Today was actually a milestone for me, since I started the first deck of Core 4000 series. So (hiragana and katakana decks not included) I have started 3005 items and there are 2995 items left! :grin:

I got a lifetime membership for iKnow in 2015. At first I kept it really slow - WaniKani was my main focus and did iKnow only when there was extra time or energy. But at some point speaking and understanding had become much more easier and it seemed the chief culprit was iKnow with its example sentences that are voiced and translated. WaniKani has example sentences too, but it’s the voicing that really matters in my experience. It’s important to hear the word and other words it usually comes with. So about half a year ago I stopped taking new lessons in WaniKani and focused on iKnow. At that time I was just finishing Core 2000, so I’ve started 11 or 12 decks in six months. Since then I’ve usually clocked 3-4 hours into iKnow every week.
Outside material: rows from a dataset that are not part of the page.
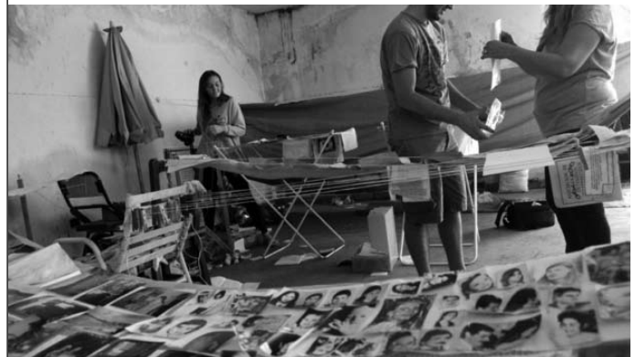
1-Chicha Mariani fue distinguida con el título de Doctora Honoris Causa de la UNLP, por su lucha por los DDHH.

Si bien los efectos del desastre pudieron atemperarse gracias a la inmediata colaboración de instituciones y voluntarios, la actual situación requiere de la intervención de extensionistas especialistas para la fase final de la recuperación documental y -fundamentalmente- la restauración y adecuación física del ámbito a fin de garantizar la seguridad del material documental y bibliográfico y la habitabilidad de la sede.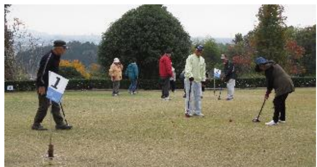
【グラウンドゴルフ大会の様子】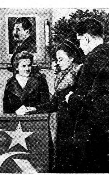
На здымку: Маладыя выбарчыкі студэнты Педінстытута галасуюць на Чырвонаармейскім выбарчым участку № 6.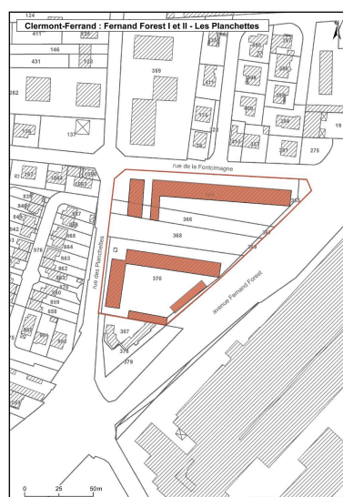
Plan des différents bâtiments d'origine de la cité. IVR84_20216301262NUDA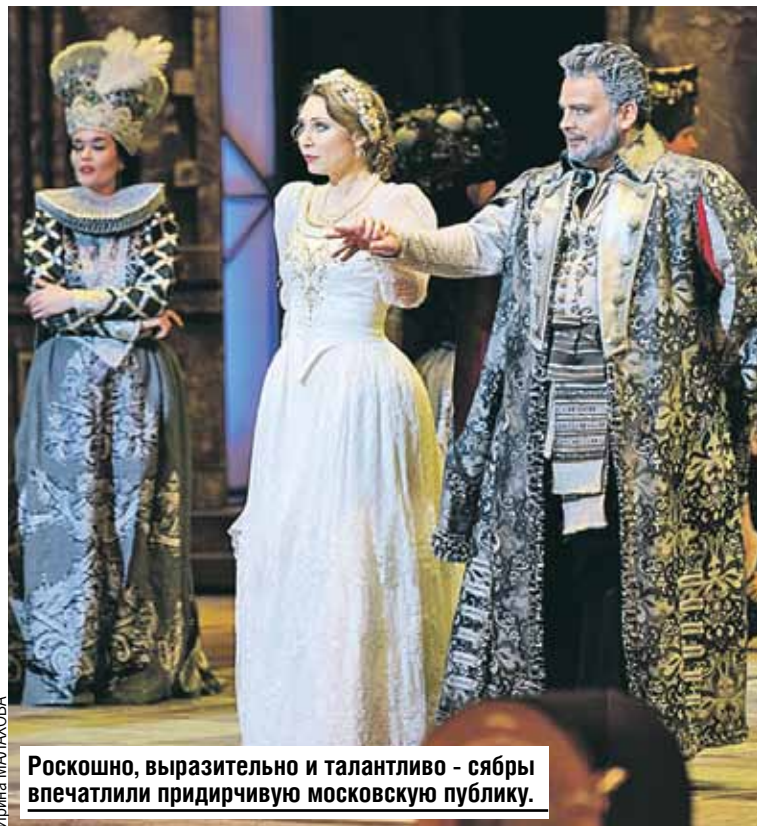
Роскошно, выразительно и талантливо - сябры впечатлили придирчивую московскую публику.

Премьера состоялась недавно - в 2020 году. Во многом спектакль получился таким благодаря личности автора постановки Валентина Елиза-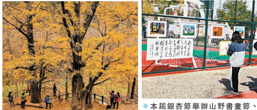
◆眾多遊客到千年古銀杏林遊玩。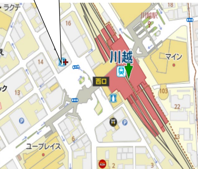
大樹生命川越駅前ビル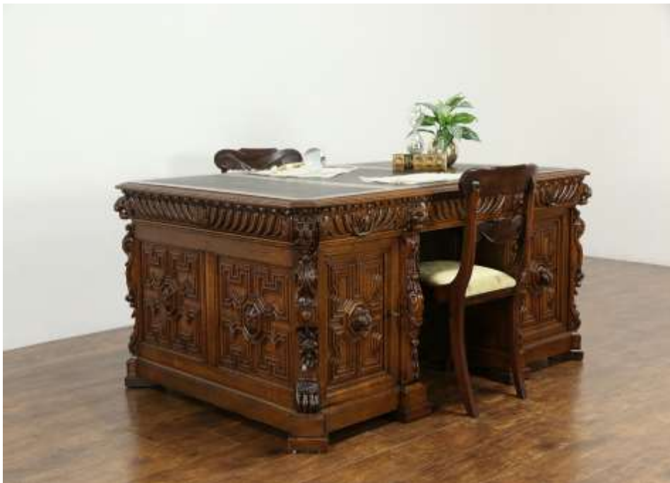
( Εικ.2.24 Πολυτελές γραφείο )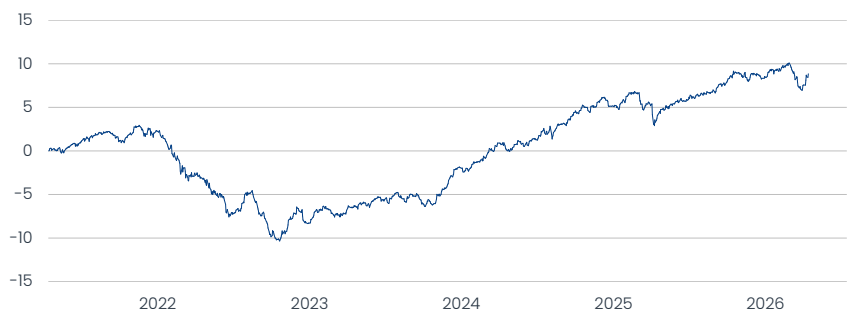
MI Multi Strategy ESG

This is the first time I hear about SRS failing after Core 1000, and I don’t really get it. The system works the same before and after that point. Maybe it’s because iKnow doesn’t burn items the way WK does? :thinking: Instead, when a mastered item comes up again and you get it right again, it shows that the next study is “over a year from now”. But having items I mastered 1-2 years ago showing up doesn’t bother me. It’s good practice to hear and read those sentences again. Maybe that’s it? Can’t imagine anything else.

Thanks! Looks nice. :smiley: I’ll try it when I have the time!

Maybe I’ll take another try at it. This was while back ago so maybe I might have different views. Ya most of memrise is user made stuff. They do have a offical Japanese course, there are a couple of them but they were not too exciting.
I’ll be taking a college Japanese class here soon and I wanted to focus on genki and there are memrise decks just for genki. I could also use anki but not crazy about anki even though I spend like the $20 bucks for the Apple app lol.